These matrices look different but estimate the same thing. The factor “group” is used but the nesting of subjects does not make sense, as they are unique to groups. The order of factors made a difference. In the first case, group was removed and in the second case, subject 6 is removed, due to redundancies. For ANOVA, it does not matter. For prediction, it does.
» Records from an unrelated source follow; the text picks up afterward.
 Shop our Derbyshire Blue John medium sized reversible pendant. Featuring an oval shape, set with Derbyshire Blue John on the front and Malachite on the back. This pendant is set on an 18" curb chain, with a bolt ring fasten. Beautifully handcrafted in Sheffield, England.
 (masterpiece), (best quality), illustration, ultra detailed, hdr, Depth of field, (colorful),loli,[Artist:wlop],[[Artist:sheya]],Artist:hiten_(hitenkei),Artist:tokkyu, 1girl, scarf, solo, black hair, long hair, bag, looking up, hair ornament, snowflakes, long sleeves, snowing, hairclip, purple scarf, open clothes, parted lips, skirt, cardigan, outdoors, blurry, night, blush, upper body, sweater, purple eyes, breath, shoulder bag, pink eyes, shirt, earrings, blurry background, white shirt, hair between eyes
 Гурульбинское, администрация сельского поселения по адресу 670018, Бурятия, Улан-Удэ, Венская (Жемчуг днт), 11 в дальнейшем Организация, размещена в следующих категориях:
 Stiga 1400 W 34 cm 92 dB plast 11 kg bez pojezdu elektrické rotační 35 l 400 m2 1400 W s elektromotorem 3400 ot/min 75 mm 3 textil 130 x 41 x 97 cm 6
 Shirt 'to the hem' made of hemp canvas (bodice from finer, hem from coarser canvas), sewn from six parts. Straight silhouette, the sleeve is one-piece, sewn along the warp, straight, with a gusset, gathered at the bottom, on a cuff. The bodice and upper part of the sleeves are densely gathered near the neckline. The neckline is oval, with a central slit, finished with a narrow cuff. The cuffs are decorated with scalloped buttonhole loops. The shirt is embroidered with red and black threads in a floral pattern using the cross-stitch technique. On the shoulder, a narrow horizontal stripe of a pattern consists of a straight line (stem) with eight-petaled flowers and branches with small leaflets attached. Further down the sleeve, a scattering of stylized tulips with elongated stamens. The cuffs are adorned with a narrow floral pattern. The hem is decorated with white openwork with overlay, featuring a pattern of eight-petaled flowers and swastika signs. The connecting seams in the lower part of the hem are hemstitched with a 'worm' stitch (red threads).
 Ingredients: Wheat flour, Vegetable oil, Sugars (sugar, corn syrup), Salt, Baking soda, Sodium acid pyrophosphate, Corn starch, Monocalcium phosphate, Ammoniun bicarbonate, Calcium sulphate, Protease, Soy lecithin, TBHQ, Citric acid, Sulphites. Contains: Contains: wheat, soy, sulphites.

Please download the updated version of RRPP from github and let me know if you still have an error. If you have no error but have strange results, it will be hard to circumvent with removed parameters. Maybe manipulating the variable order can be used to trick R, but that is about the best one can do.

Good luck!

Mike

On Feb 16, 2023, at 9:47 PM, Mike Collyer @.***> wrote:

This problem is caused by the resulting, and sometimes illogical, model matrix column names after QR decomposition. You lost six columns because of redundant columns in the model matrix and while that is not a problem, if the resulting column names omit one of the column names from a new model matrix based on Litter factor levels, the attempt to match parameters fails. This is not something you can control. It is an operational issue that I have to fix. This issue seems to have emerged recently, so I believe it has something to do with R’s method of labeling columns in their qr function.
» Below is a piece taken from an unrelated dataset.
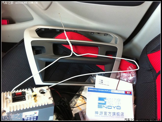 拆下来的原车中控面板(请忽悠那个衣架,哈哈。他可以退休了)
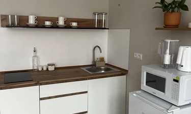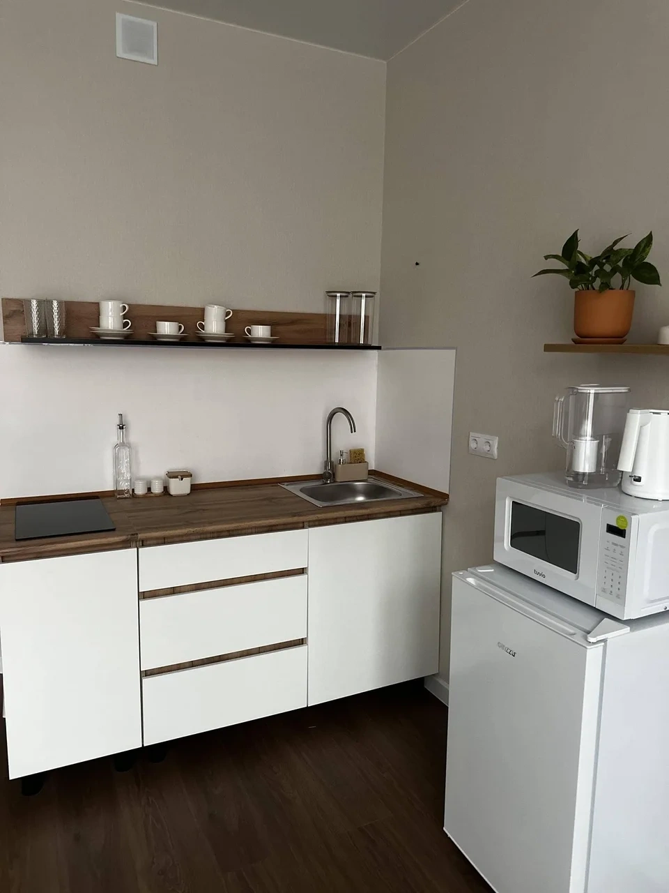 - Полностью оборудованная кухня (холодильник, варочная панель, чайник, микроволновка, посуда)

I will try to find a new solution but it might take some work. Please be patient.

Mike

On Feb 16, 2023, at 5:51 PM, jmlayton @.***> wrote:

I am using a full rank dataframe that looks like: https://user-images.githubusercontent.com/91229141/219503467-0279daab-335b-424a-9e5e-851775253698.png All predictors are of class "factor". The model is:

test <- RRPP::lm.rrpp(Simpson ~ DSF_groups + date_col_grps + parity_groups + gender + Litter, data=SAM_NA.rm, SS.type="III", print.progress = FALSE, iter=1000)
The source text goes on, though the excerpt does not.